Understanding how to calculate terms in a mathematical sequence is essential for analyzing patterns and solving problems. In our given exercise, the sequence is defined by an explicit formula: \(x_{n} = 3n + (-1)^{n}(n - 5) + 7\). To calculate the terms \(x_{1}, x_{2}, ..., x_{10}\), we plug in the values of \(n\) from 1 to 10 into the formula.

For example, to find the first term \(x_{1}\), substitute \(n=1\) into the formula to get \(x_1 = 3(1) + (-1)^1(1 - 5) + 7\). Similarly, proceed with \(n=2\) through \(n=10\) and calculate each corresponding term. This systematic approach lets you see the behavior of the sequence for the first 10 steps, laying the groundwork for understanding the overall pattern.

When doing these calculations, keep in mind the effect of the alternating sign caused by \((-1)^{n}\), as it influences whether you'll add or subtract the \((n - 5)\) term. This factor can sometimes cause confusion, so pay special attention to it to ensure you calculate the terms correctly.

Upon calculating the first 10 terms of the sequence, it's important to compare them to identify any duplicates. Duplicate terms are values that appear more than once in the list of computed terms. This step is important to understand the repetition and potential patterns within the sequence.

To identify duplicates, simply list out the calculated terms and scan through to see if any number is listed more than once. For instance, if both \(x_{3}\) and \(x_{7}\) equal 12, then 12 is a duplicate term in the sequence. Recognizing duplicates can help simplify problems and lead to insights into the structure of the sequence.

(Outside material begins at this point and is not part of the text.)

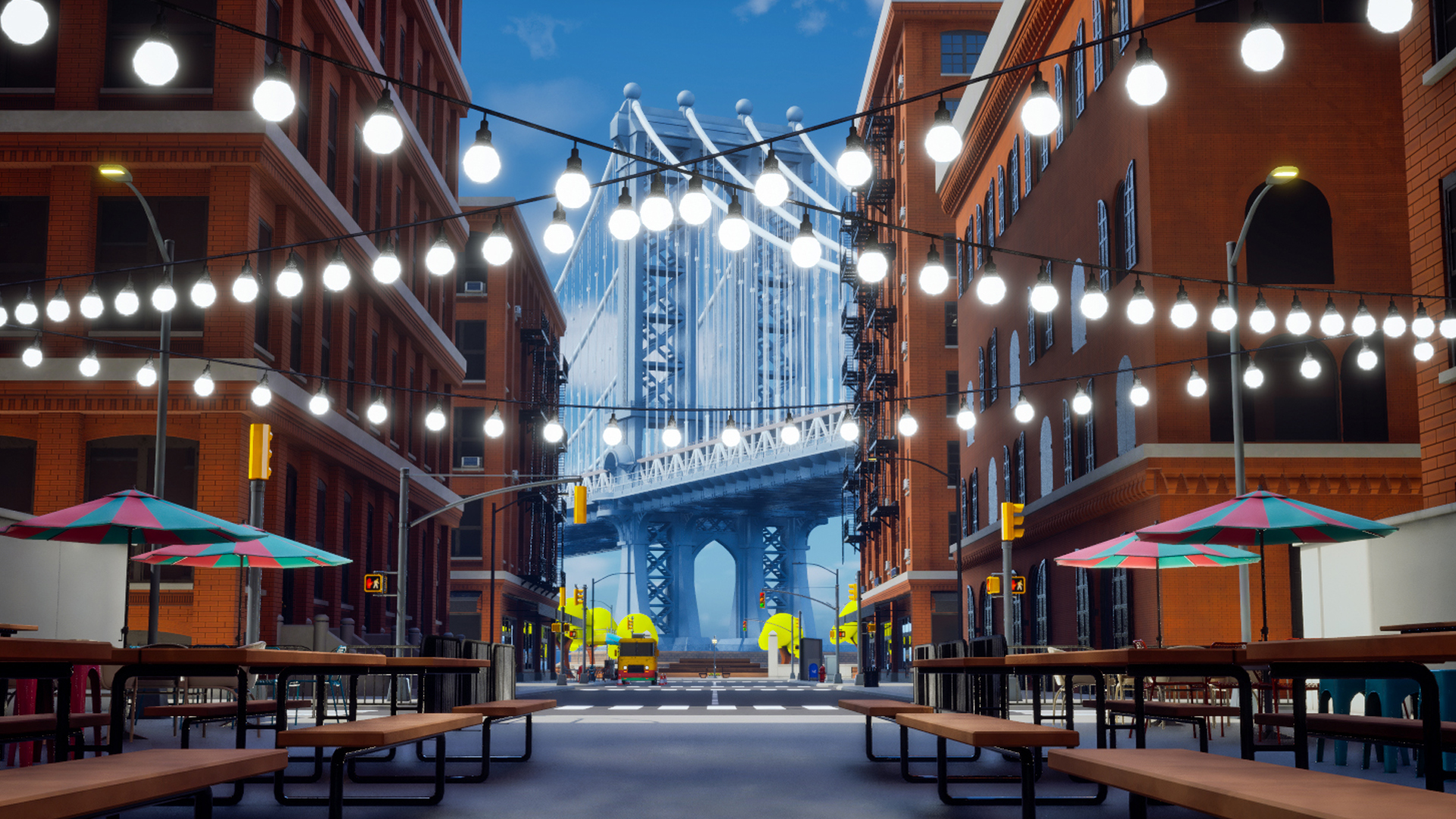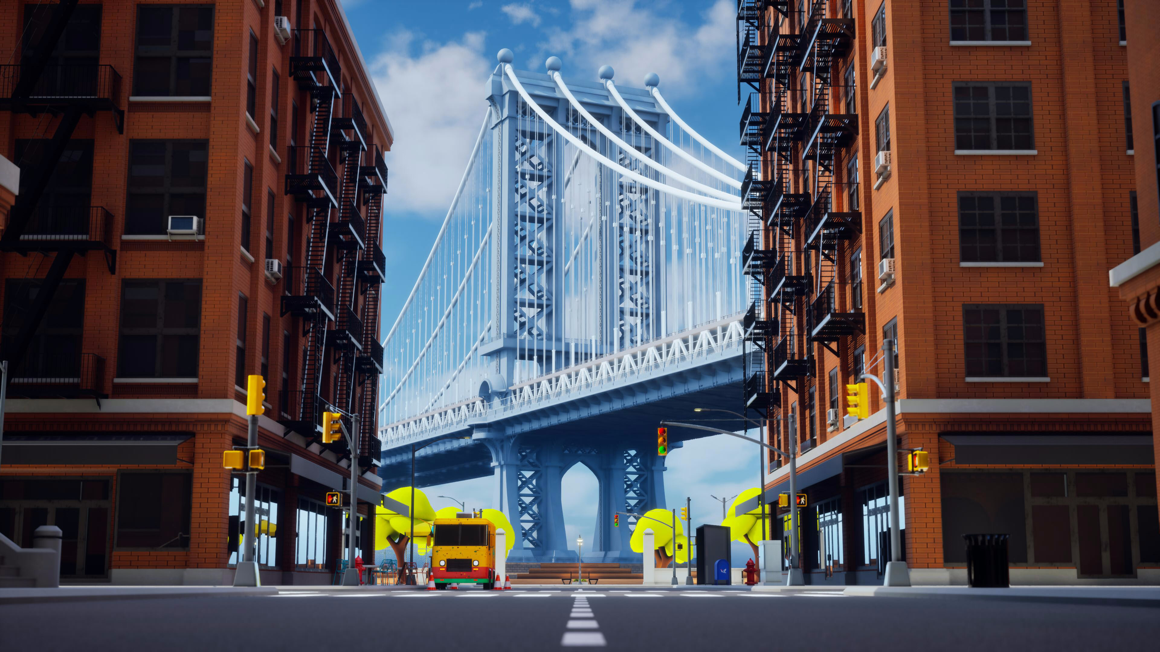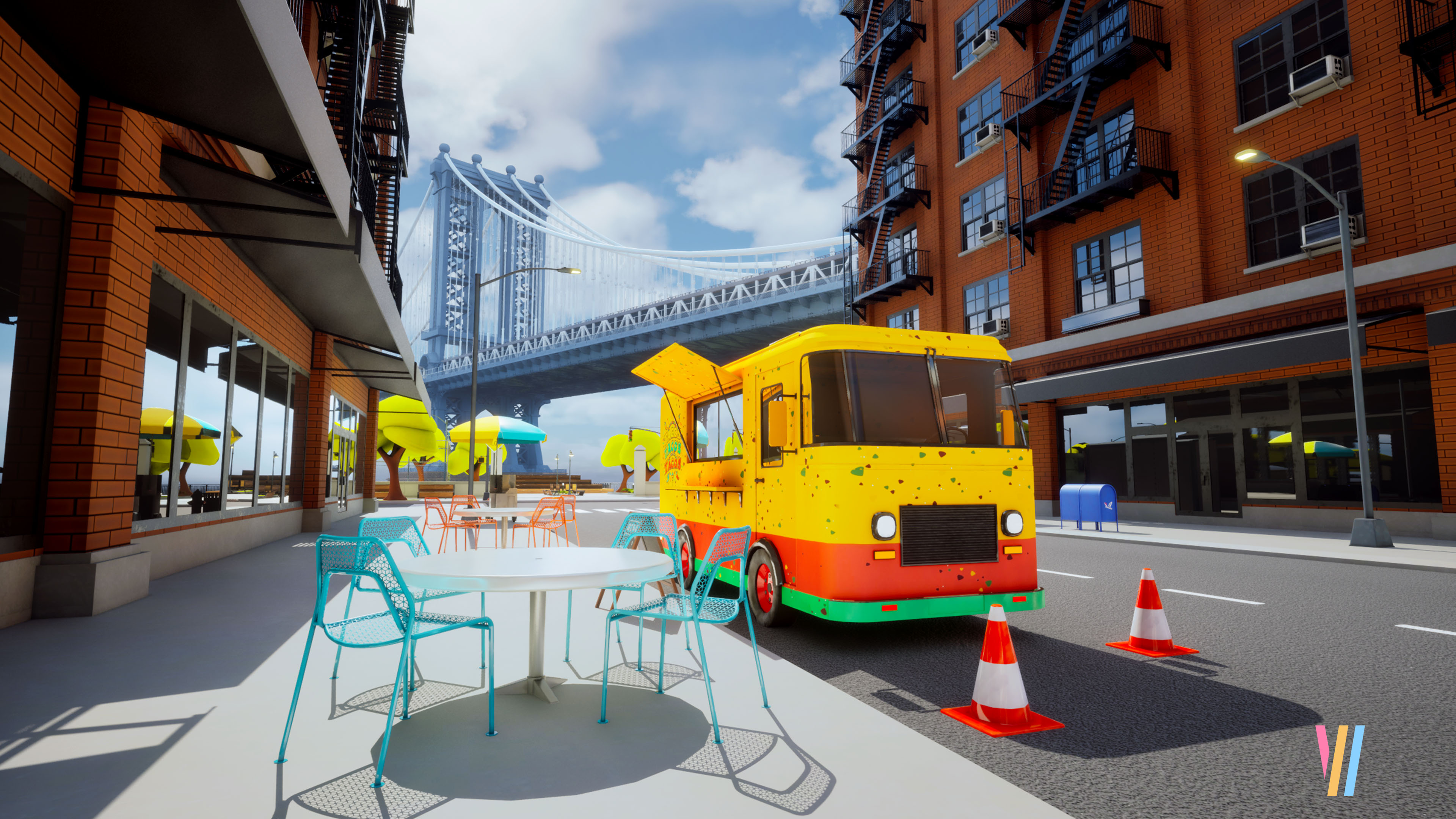 Dumbo Park was inspired by my earlier Stylized Pizza Truck concept, expanding it into a lively, stylized urban scene based on New York’s Dumbo neighborhood.

Thoroughly checking each term against all the others can be time-consuming, so some students find it helpful to arrange the terms in numerical order or use a table format to aid in quick identification of any repeating numbers.

Determining the frequency of sequence terms involves counting how many times a particular term appears within the sequence. After identifying any duplicates, you'll want to ascertain if any of the terms appear not just twice, but even three times or more.

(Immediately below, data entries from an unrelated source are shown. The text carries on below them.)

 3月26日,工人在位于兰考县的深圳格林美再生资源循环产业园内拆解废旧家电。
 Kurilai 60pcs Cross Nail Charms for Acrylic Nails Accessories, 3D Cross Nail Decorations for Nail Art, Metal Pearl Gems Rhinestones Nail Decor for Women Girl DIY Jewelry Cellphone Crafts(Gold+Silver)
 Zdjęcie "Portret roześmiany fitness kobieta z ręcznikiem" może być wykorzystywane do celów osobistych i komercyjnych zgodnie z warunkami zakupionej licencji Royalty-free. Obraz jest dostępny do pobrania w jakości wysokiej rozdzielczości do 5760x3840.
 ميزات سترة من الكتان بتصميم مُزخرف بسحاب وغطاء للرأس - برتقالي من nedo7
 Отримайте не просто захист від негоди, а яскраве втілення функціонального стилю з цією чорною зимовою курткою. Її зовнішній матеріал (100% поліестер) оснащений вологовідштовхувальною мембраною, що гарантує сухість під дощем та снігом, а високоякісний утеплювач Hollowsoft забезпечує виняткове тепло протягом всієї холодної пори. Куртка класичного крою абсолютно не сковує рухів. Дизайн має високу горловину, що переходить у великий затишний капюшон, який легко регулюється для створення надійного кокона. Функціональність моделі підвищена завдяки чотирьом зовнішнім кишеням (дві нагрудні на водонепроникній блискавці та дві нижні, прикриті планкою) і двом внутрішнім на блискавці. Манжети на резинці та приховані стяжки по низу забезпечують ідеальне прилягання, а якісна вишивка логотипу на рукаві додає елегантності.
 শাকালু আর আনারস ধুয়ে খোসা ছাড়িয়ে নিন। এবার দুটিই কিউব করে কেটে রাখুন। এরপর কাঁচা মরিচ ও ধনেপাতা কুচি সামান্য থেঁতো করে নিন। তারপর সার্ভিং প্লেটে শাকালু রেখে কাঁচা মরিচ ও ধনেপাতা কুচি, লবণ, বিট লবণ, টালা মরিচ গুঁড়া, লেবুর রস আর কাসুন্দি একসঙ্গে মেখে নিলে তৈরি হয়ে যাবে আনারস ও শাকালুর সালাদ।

To check for the term frequency, create a tally chart or maintain a count of how many times each term occurs as you work through the computed values. This process requires careful attention to detail to ensure accuracy.

The frequency analysis adds another layer of understanding to the sequence's behavior. In our exercise, if a term appears three times within the first 10 terms, it indicates a strong recurring pattern that could be relevant in more advanced analysis or extrapolating the sequence further. If no such terms exist, it can imply more complexity or a lack of repetition in the sequence structure.